For the Guardian, Mo Costandi describes two proposed treatments that use gold nanoparticles to switch nerve cells on. A group of researchers at the University of Chicago, led by Francisco Benzanilla, created gold nanorods that will attach to specific molecules embedded in nerve cell membranes. A gentle pulse of infrared light warms the nanorods which in turn causes the neurons to fire. They’ve tested the system using dorsal root ganglion [DRG] neurons, which cluster in the spinal cord and are important for relaying information about pain and touch. Costandi writes:

The researchers added these particles to DRG neurons growing in Petri dishes, so that they would bind to the cells displaying the relevant proteins on their surface. They then exposed the cells to millisecond pulses of visible light, which heated up the particles, causing the cells to fire nervous impulses in response. This was possible not only in isolated neurons but also in slices of tissue from the rat hippocampus.

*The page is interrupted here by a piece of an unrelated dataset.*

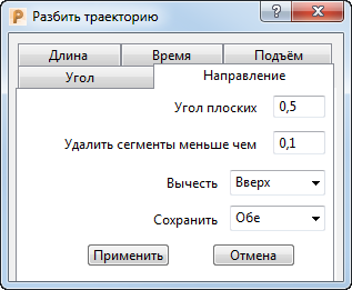 В диалоговом окне «Разбить траекторию» > «Направление»:

In both situations, the particles stayed firmly in place when added in low concentrations, allowing for repeated stimulation of the cells for over half an hour.

A second group at MIT is using nano-sized iron oxide spheres that heat up when a magnetic field passes over them. They injected those particles into mice whose neurons had been primed to be sensitive to heat. Normally brain cells don’t need to sense heat, but a virus can carry the gene needed for the heat sensor up into the brain. The neurons incorporate that gene into their own genome and build the sensor. Then when the iron nanoparticles arrive and are warmed by a magnetic field, the neurons sense that and fire. 

The treatments are still far from remote-controlling anyone’s brain, but they do demonstrate some of the innovative ways scientists are thinking about nanotechnology and medicine. Benzilla’s group is hoping to develop a modified nanoparticle system to treat macular degeneration, Costandi writes. We’re not that far from a day where you might swallow a pill that would release a team of nanobots into your blood to sniff out disease and report back to your doctor.